* _What the exercise asks_: Please repeat, exactly and without pictures, the lines of the entries below that run from the one containing "You won't call" through the one containing "Resolution on the".

* _Task inputs_:
---+---
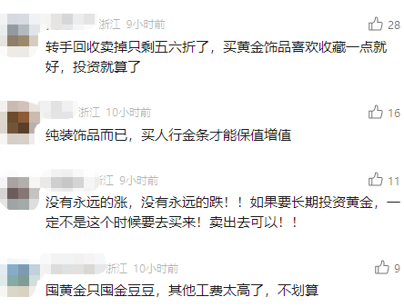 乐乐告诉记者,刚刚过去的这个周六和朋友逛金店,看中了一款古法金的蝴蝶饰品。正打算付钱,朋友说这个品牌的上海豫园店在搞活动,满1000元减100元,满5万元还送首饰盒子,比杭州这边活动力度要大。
---+---
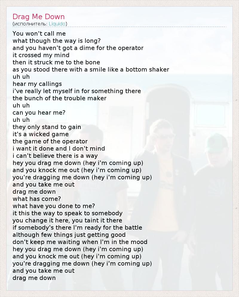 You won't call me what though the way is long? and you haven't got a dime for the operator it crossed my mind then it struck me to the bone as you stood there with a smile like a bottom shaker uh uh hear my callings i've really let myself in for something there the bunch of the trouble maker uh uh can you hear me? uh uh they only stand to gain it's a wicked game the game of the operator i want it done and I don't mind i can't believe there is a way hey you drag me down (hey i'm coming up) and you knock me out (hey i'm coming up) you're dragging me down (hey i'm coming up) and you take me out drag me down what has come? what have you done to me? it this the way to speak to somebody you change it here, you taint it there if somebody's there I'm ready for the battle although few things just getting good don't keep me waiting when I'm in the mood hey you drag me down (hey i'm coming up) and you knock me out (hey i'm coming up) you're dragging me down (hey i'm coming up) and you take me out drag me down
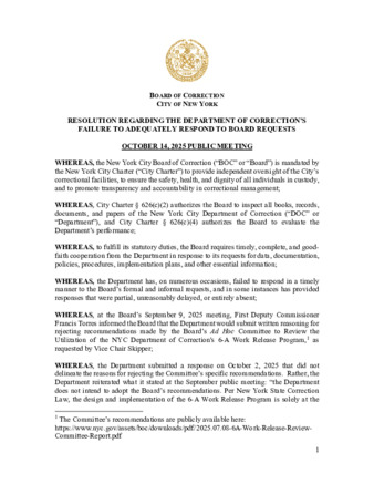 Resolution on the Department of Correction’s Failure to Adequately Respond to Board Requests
---+---
* _Output for this exercise_:
 You won't call me what though the way is long? and you haven't got a dime for the operator it crossed my mind then it struck me to the bone as you stood there with a smile like a bottom shaker uh uh hear my callings i've really let myself in for something there the bunch of the trouble maker uh uh can you hear me? uh uh they only stand to gain it's a wicked game the game of the operator i want it done and I don't mind i can't believe there is a way hey you drag me down (hey i'm coming up) and you knock me out (hey i'm coming up) you're dragging me down (hey i'm coming up) and you take me out drag me down what has come? what have you done to me? it this the way to speak to somebody you change it here, you taint it there if somebody's there I'm ready for the battle although few things just getting good don't keep me waiting when I'm in the mood hey you drag me down (hey i'm coming up) and you knock me out (hey i'm coming up) you're dragging me down (hey i'm coming up) and you take me out drag me down
 Resolution on the Department of Correction’s Failure to Adequately Respond to Board Requests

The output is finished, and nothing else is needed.